[Saved data entries]
►
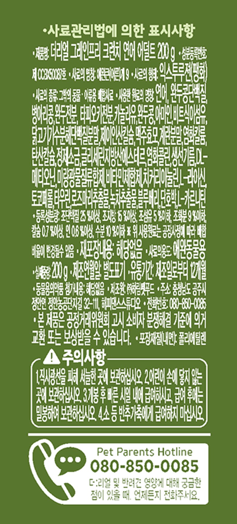 | 품명 및 모델명 | 더리얼 그레인프리 크런치 연어 어덜트 200g | 인증사항 | 해당없음 |
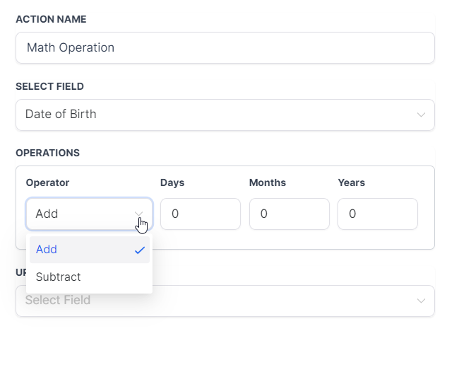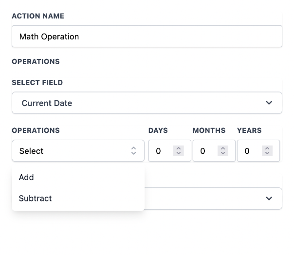 In workflows, the Math Operation action can be used with date fields, enabling the manipulation and calculation of dates by adding or subtracting specific time units. This feature automates time-sensitive tasks and schedules based on dynamic dates. Below are details about the date field types and the supported math operations:
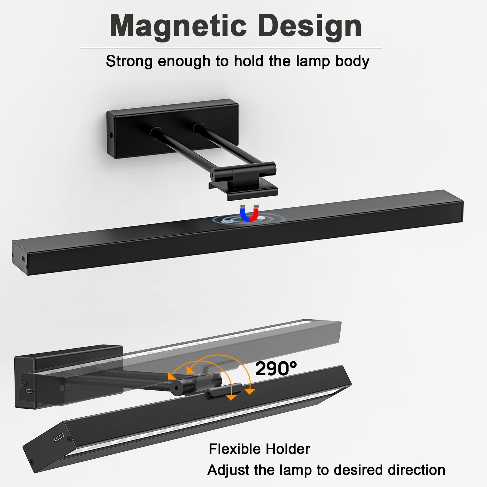 - Easy to Use:The battery-operated picture light bracket can be easily installed with the included screws, and the light bar is fixed by magnets. You only need to remove the light bar when charging. The card slot secures the light bar, preventing it from shaking and falling randomly.
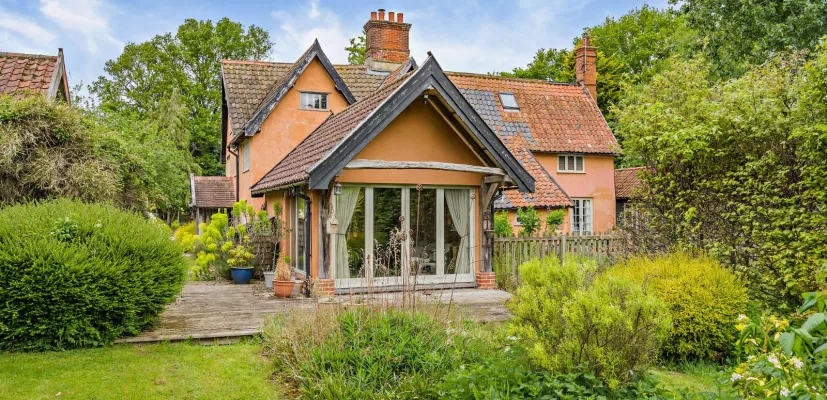 A pair of cottages forming one dwelling, along a single track lane to the edge of the town of Eye.
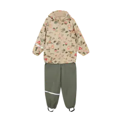 Praktiskt regnklädeset i PU från CeLaVi. Setet består av en jacka med heltäckande tryck och en enfärgad underdel. Byxorna har justerbara hängslen och klickknappar upp till storlek 110, därefter är de utan hängslen. Byxorna har praktiska och justerbara elastiska band som kan dras under skorna. Jackan stängs med dragkedja. Det finns smala reflekterande ränder runt ena armen och ett ben. Logotypen är tryckt med reflekterande bläck längst upp på ena armen och på baksidan av huvan. CeLaVi-regnjackan har en avtagbar huva som fästs med tryckknappar. Öppningen för ansiktet på huvan, ärmarna och midjan har resår för bättre passform. Jackan har en vattentryck på 10 000 mm.Certifierad enligt GRS – Tillverkad av 66 % återvunnet material CERES-0366
◄
TASK PROMPT:
Set every entry down again word for word, but not the pictures.

EXERCISE SOLUTION:
 | 품명 및 모델명 | 더리얼 그레인프리 크런치 연어 어덜트 200g | 인증사항 | 해당없음 |
 In workflows, the Math Operation action can be used with date fields, enabling the manipulation and calculation of dates by adding or subtracting specific time units. This feature automates time-sensitive tasks and schedules based on dynamic dates. Below are details about the date field types and the supported math operations:
 - Easy to Use:The battery-operated picture light bracket can be easily installed with the included screws, and the light bar is fixed by magnets. You only need to remove the light bar when charging. The card slot secures the light bar, preventing it from shaking and falling randomly.
 A pair of cottages forming one dwelling, along a single track lane to the edge of the town of Eye.
 Praktiskt regnklädeset i PU från CeLaVi. Setet består av en jacka med heltäckande tryck och en enfärgad underdel. Byxorna har justerbara hängslen och klickknappar upp till storlek 110, därefter är de utan hängslen. Byxorna har praktiska och justerbara elastiska band som kan dras under skorna. Jackan stängs med dragkedja. Det finns smala reflekterande ränder runt ena armen och ett ben. Logotypen är tryckt med reflekterande bläck längst upp på ena armen och på baksidan av huvan. CeLaVi-regnjackan har en avtagbar huva som fästs med tryckknappar. Öppningen för ansiktet på huvan, ärmarna och midjan har resår för bättre passform. Jackan har en vattentryck på 10 000 mm.Certifierad enligt GRS – Tillverkad av 66 % återvunnet material CERES-0366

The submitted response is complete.